Well, that's kind of why I'm asking. Is it good? The bearing surface, as I mentioned, is pretty rough and uneven. I certainly wouldn't use it if it were a motor bearing, but in this application, is it something to worry about?


----------



## george wilson (Nov 24, 2013)

What is the worm for? Does it get run by a motor,or is it just hand operated to perform some  function? If just used to adjust something,lubricate it and leave it alone. A good lithium grease would be good.


----------



## thenrie (Nov 25, 2013)

The worm gear runs in a bushing. It has an internal key that is keyed to the lead screw on the lathe. As the lead screw turns, the worm gear turns inside the bushing. It's a low-speed bearing, but it gets lots of mileage. It's moving whenever the lead screw is engaged, whether or not the carriage is moving. It's worn a couple thou and it measures about .001-.002 difference over the bearing length. I will have to hone a bushing to take up a little of that if I want a wobble-free fit. Like I said, I could take off maybe .002 in a finishing pass and it would still be about .001 over the major diameter of the threads, so I could still slide it into the bushing without trouble, but I'm not sure it's worth the trouble or risk of a mistake by a rank amateur.

I just had a thought. Would it be advisable to chuck it and take down the unevenness with a mill file and emery cloth, rather than trying it with a bit? It would seem to me that there would be less risk of me screwing it up.


----------



## george wilson (Nov 25, 2013)

Since it rotates a lot,it really needs a precision ground,accurately done surface,not a filed surface which will not be accurate,nor really round. Do you have a tool post grinder for your lathe?

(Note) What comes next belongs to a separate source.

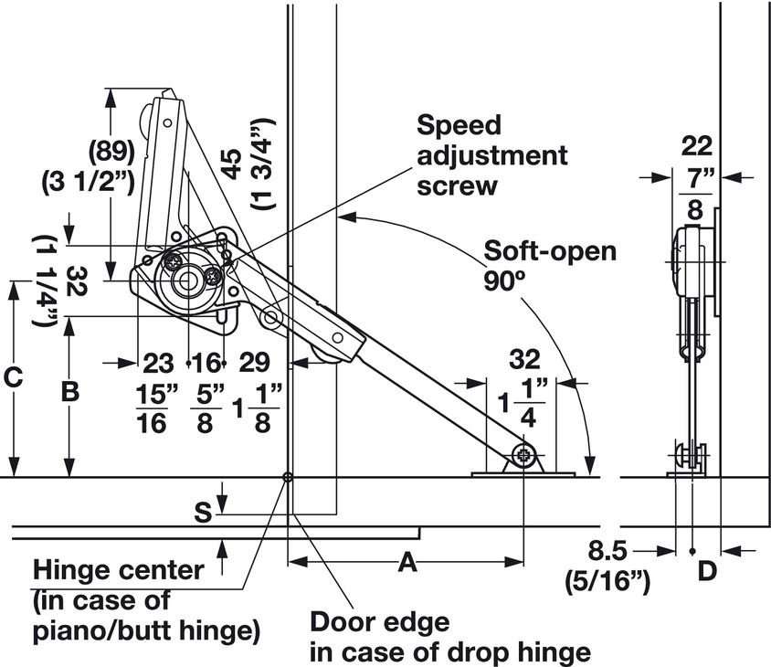 Hafele 365.30.680 Flap Stay, Soft Close, for wooden flaps, Right Handing

To tell the truth,if you are a beginner,and want that part to last,since you can't get replacement parts,I'd recommend getting it ground at a machine shop on a cylindrical grinder. Getting a good,perfectly ground surface with a tool post grinder can be a tricky job,depending on your lathe and the quality of the tool post grinder,the wheel,and knowing how to use the grinder. For example,run the grinder for 1/2 hour before using it to warm up the bearings and get their fine tolerances to size is recommended for my Themac tool post grinder.I think they are among the finest grinders out there. Years ago I had a little Dumore,and it left a plywood "wild grain" surface due to harmonic vibrations. It looked like new,but would not leave a decent finish. The lathe was nearly new,too,and it left great finishes on its own(not finishes like you need,though).

Explain to the machinists that this part runs all the time. You need a polished surface on that shaft.

Then,you need to make the bushings to fit the somewhat smaller diameter. I used to use "Plastigauge" to check the main bearing tolerances on my 1950's car when rebuilding the engine. It is a thread of soft plastic. When you put the bushings together and tighten them on the shaft,leave a strip of the Plastigauge lengthwise on the shaft. Remove the bushings and use the included paper ruler to measure wow wide the plastic thread got squeezed. The width of the thread will give you the tolerance in thousandths. You want about .001" clearance. This allows for oil to get in there,and for the shaft to warm up. Too tight,and the shaft will bind and get galled,which is NOT wanted.

Plastigauge is still sold at auto stores,I think.


----------



## thenrie (Nov 26, 2013)

I'm familiar with plastigauge and I can't see any way to use it in this case. Plastiguage is for checking your bearing clearance on engine main and rod bearings, where you bolt the cap down on top. No way to slide it in between the worm gear and the bushing. You just have to do it by measuring with micrometers and feeling the fit.

Tony


----------



## astjp2 (Nov 27, 2013)

Look for a speedy sleeve, they are around a .011 thousands thick and you can fit in the bore or put it on the worm.  Tim

http://www.skf.com/group/products/s...leeve/installing-skf-speedi-sleeve/index.html


----------



## thenrie (Nov 28, 2013)

I think those are only for repairing seal surfaces. After reading the installation guide, it looks to me like it would be easier just to install a new bushing in my case.


----------



## LEEQ (Dec 4, 2013)

+1 on the farm it out. I would have them make the mating bushing also. good luck


----------